** Opening Provided material block **

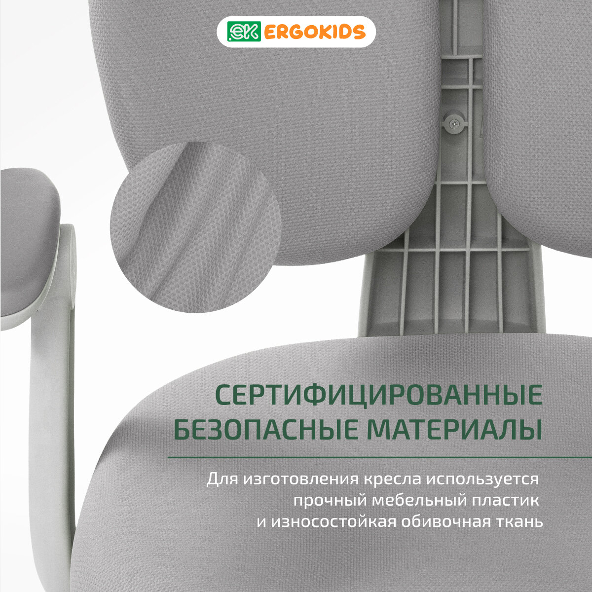 Детское кресло ErgoKids Y-507 KG Armrests (Y-507 ARM/KG) (с подлокотниками) обивка серая однотонная
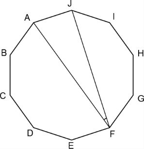 Na figura abaixo temos um decágono regular ABCDEFGHIJ. A medida do ângulo é igual a:
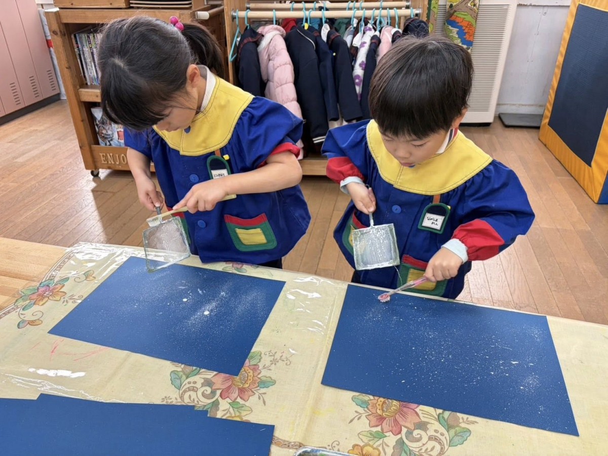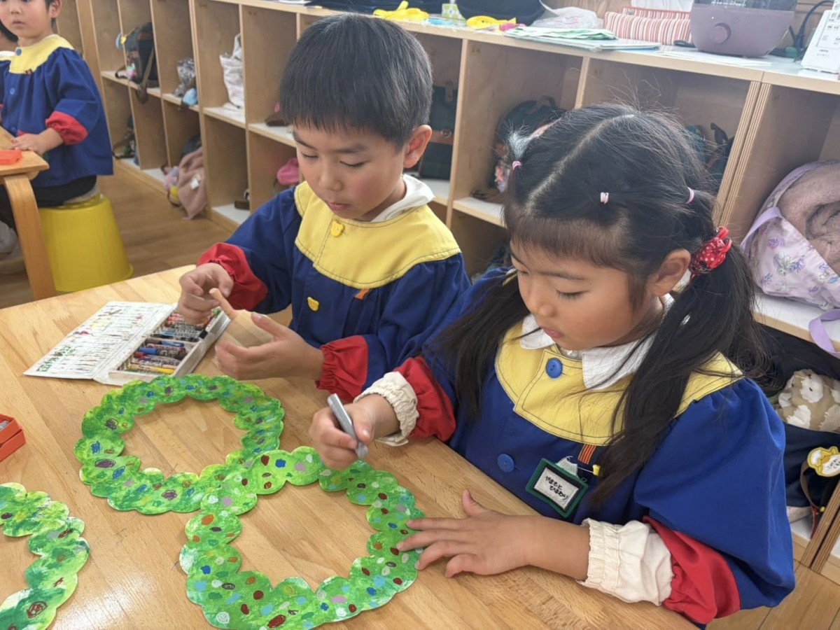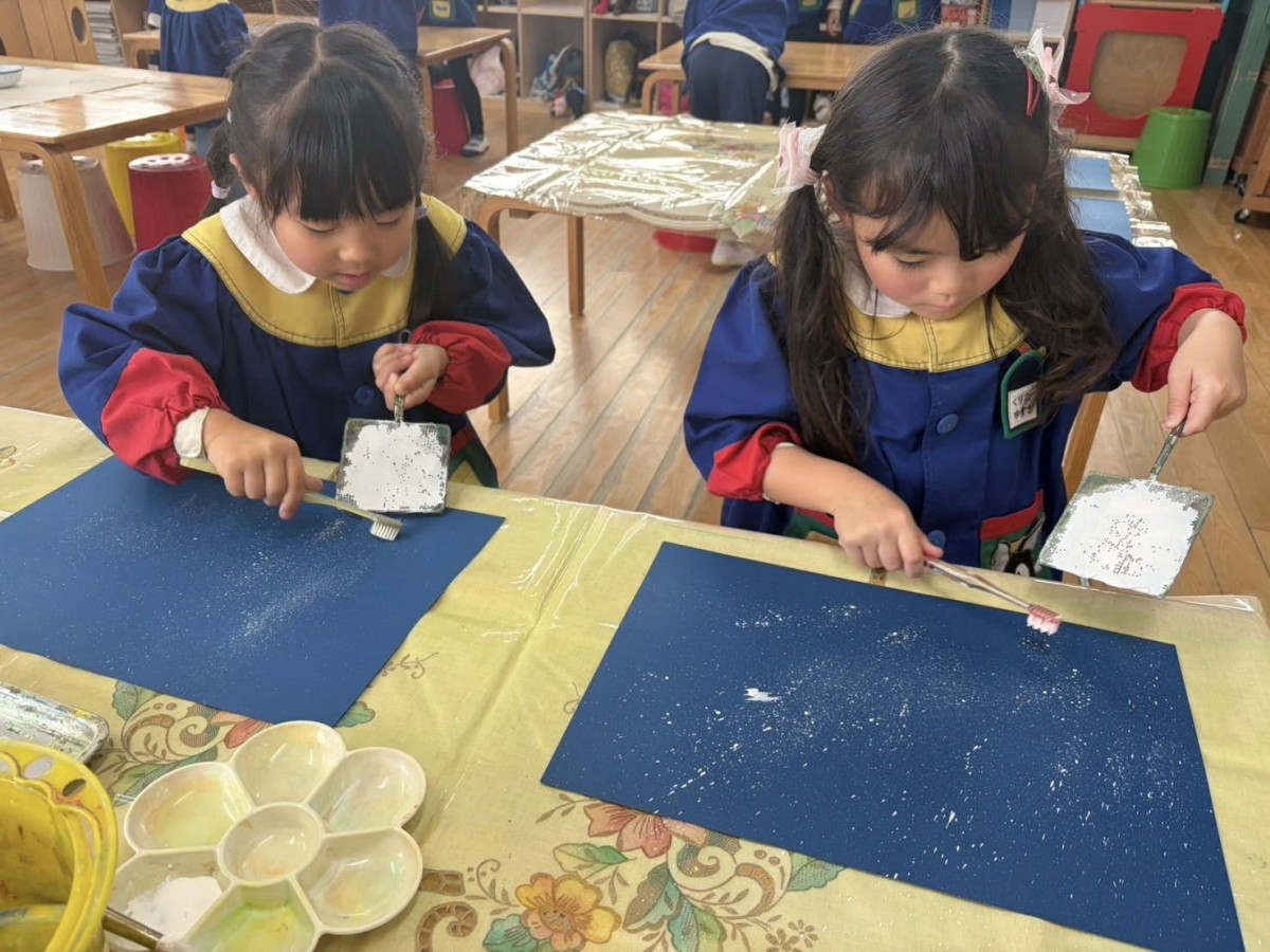 午前中は園庭で遊びました。お砂場でとっても大きなお山を作って見せてくれました。午後は、制作の続きをしました。スパッタリングで雪を表現し、リースには模様をつけました。可愛らしい作品ができそうです♪

** Closing Provided material block **

▸ **Exercise prompt**: Return the material in full, word for word, and skip the pictures.

▸ **Solution to this problem**:
 Детское кресло ErgoKids Y-507 KG Armrests (Y-507 ARM/KG) (с подлокотниками) обивка серая однотонная
 Na figura abaixo temos um decágono regular ABCDEFGHIJ. A medida do ângulo é igual a:
 午前中は園庭で遊びました。お砂場でとっても大きなお山を作って見せてくれました。午後は、制作の続きをしました。スパッタリングで雪を表現し、リースには模様をつけました。可愛らしい作品ができそうです♪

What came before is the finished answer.